What a pain in the ass.
How do you kill the Golden Calf? How do you stop lusting for results, if you're only trying to stop lusting for results to get the results you lust after?
It's totally absurd. I can't stop wanting money. It's good stuff. It buys good stuff. It solves a myraid of problems. Instead of turning away from wanting money, I've got to find a way to focus instead on the Great Work and getting money. I have to get in harmony. Integrate the passions for payola with the passions for God. To celebrate God in money, because it is, after all, an emanation from him as much as anything else is. It is what it is.
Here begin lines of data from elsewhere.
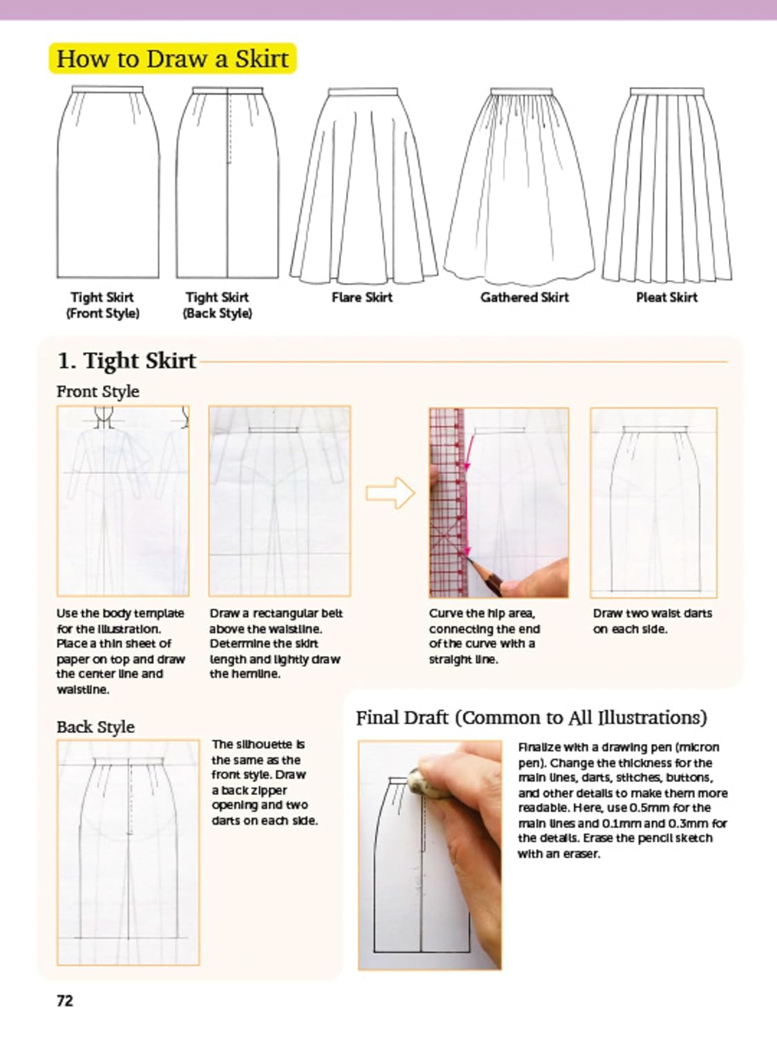 - Illustrating and Designing Clothes: Learn to draw a wide range of individual garments as well as stunning ensembles and accessories, including skirts, dresses, shirts, pants, jackets, shoes, bags, bras, panties and much more!
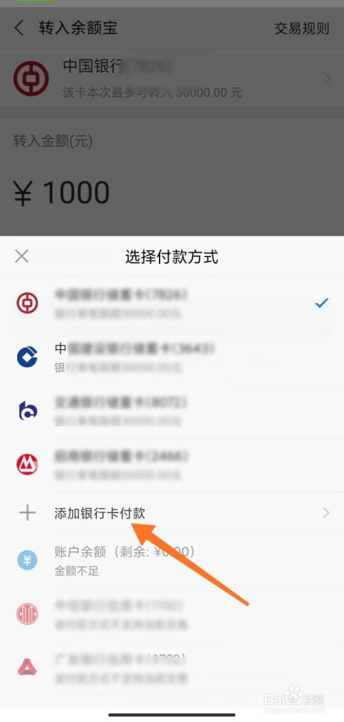 在上方点董屈击银行卡,弹出页面下方添加银行卡付条目;
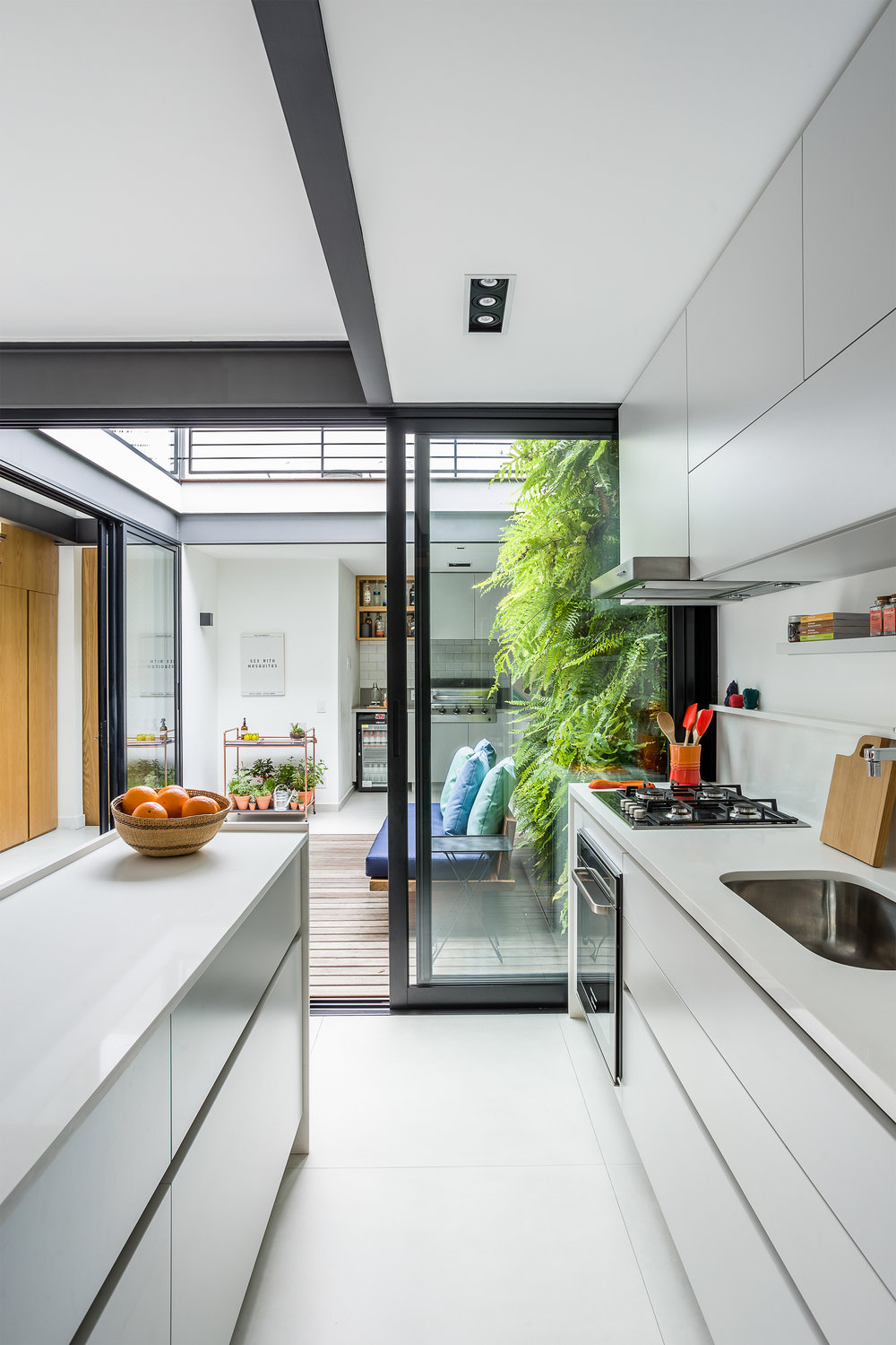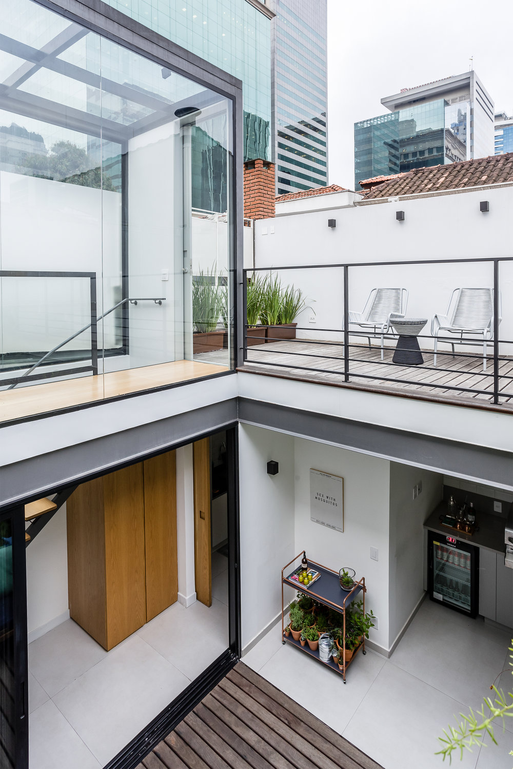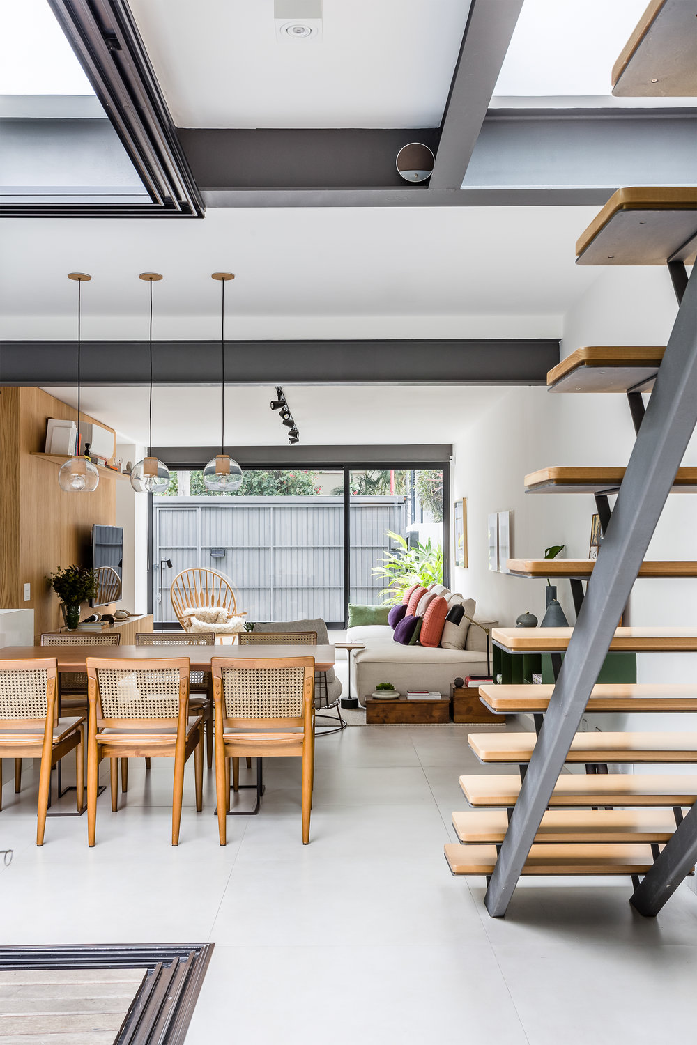 นอกจากนี้ ตรงพื้นที่เปิดโล่งแห่งนี้ ยังมีบันไดที่เชื่อมต่อไปยังพื้นที่ดาดฟ้าที่ถูกปรับปรุงใหม่ ซึ่งก็กลายเป็นพื้นที่พักผ่อนแห่งใหม่ของบ้านด้วยเช่นกัน
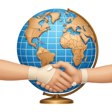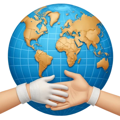 instead of two hands holding a globe, we have two hands handshaking in front of a globe. And in the background, we can see that the globe has a bandage or something. THE GLOBE HAS THE BANDAGE NOT THE HANDS emoji

So, fuck it. Back to Bune. He's always pulled my fat out of the fire. I'll let him take care of the money, and I'll just go back to focusing on the Great Work. I'll just quit spending the money I get from my magic on stupid shit. Be fiscally responsible. I'll Work with Tzadqiel on that aspect of my spheres, because as long as I'm being irresponsible, no amount of funding that irresponsibility will result in Wealth. But I still need the money to get out of the hole I'm in. Ignoring that would be pretty stupid. Sure, I'll start by cutting back expenses, going through the steps that all the financial gurus say to do (which is basically spend less than you earn, frickin' duh), but when it comes to generating the wealth, I'm still going to stick with the spirits.